• WHAT TO DO: Beneath this task are records; print exactly the stretch of them from the line with "Op de donkergroene" through the line with "华泰证券基于国网能源研究的数据,绘制了典型垂直行业的电气化在 2050 年的比例。", both ends included.

• PROVIDED INFORMATION:
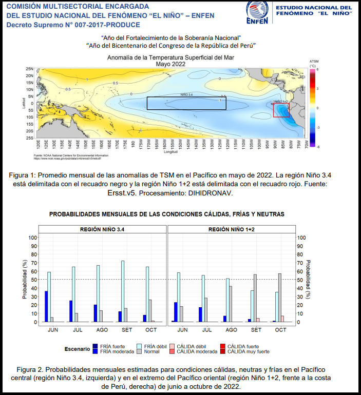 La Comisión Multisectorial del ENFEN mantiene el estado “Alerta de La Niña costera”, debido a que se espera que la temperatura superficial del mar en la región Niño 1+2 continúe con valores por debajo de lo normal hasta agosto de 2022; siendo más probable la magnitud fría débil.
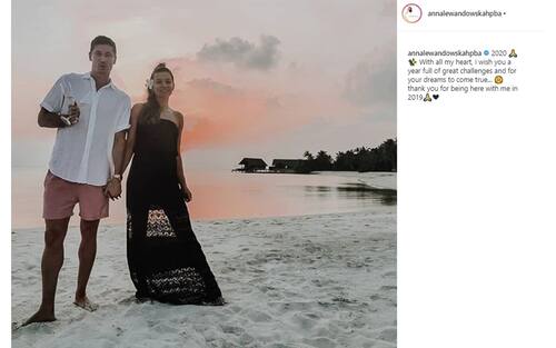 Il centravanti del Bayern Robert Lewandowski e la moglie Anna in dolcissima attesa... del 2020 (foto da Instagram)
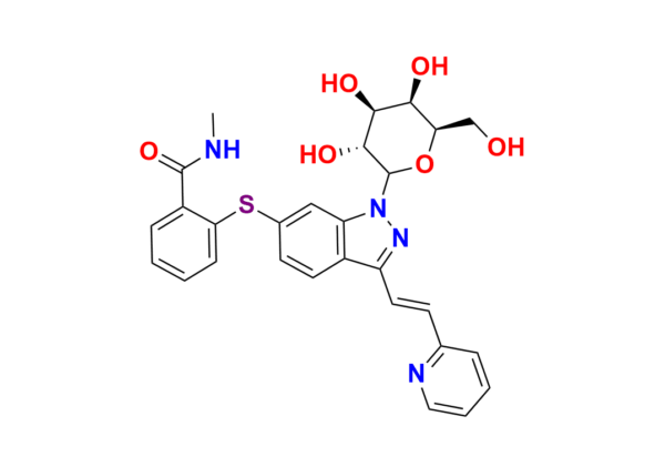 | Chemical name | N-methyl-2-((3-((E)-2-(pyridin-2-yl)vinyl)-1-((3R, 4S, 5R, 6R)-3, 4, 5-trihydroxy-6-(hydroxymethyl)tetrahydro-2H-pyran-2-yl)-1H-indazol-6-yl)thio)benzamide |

==

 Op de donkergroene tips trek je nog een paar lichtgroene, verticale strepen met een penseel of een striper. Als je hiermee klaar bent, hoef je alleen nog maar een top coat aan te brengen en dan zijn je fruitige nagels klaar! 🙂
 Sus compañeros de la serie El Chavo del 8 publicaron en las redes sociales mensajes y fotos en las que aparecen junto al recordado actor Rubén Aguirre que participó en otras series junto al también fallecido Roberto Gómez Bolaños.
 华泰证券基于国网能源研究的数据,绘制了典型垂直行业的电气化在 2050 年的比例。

• EXERCISE OUTPUT:
 Op de donkergroene tips trek je nog een paar lichtgroene, verticale strepen met een penseel of een striper. Als je hiermee klaar bent, hoef je alleen nog maar een top coat aan te brengen en dan zijn je fruitige nagels klaar! 🙂
 Sus compañeros de la serie El Chavo del 8 publicaron en las redes sociales mensajes y fotos en las que aparecen junto al recordado actor Rubén Aguirre que participó en otras series junto al también fallecido Roberto Gómez Bolaños.
 华泰证券基于国网能源研究的数据,绘制了典型垂直行业的电气化在 2050 年的比例。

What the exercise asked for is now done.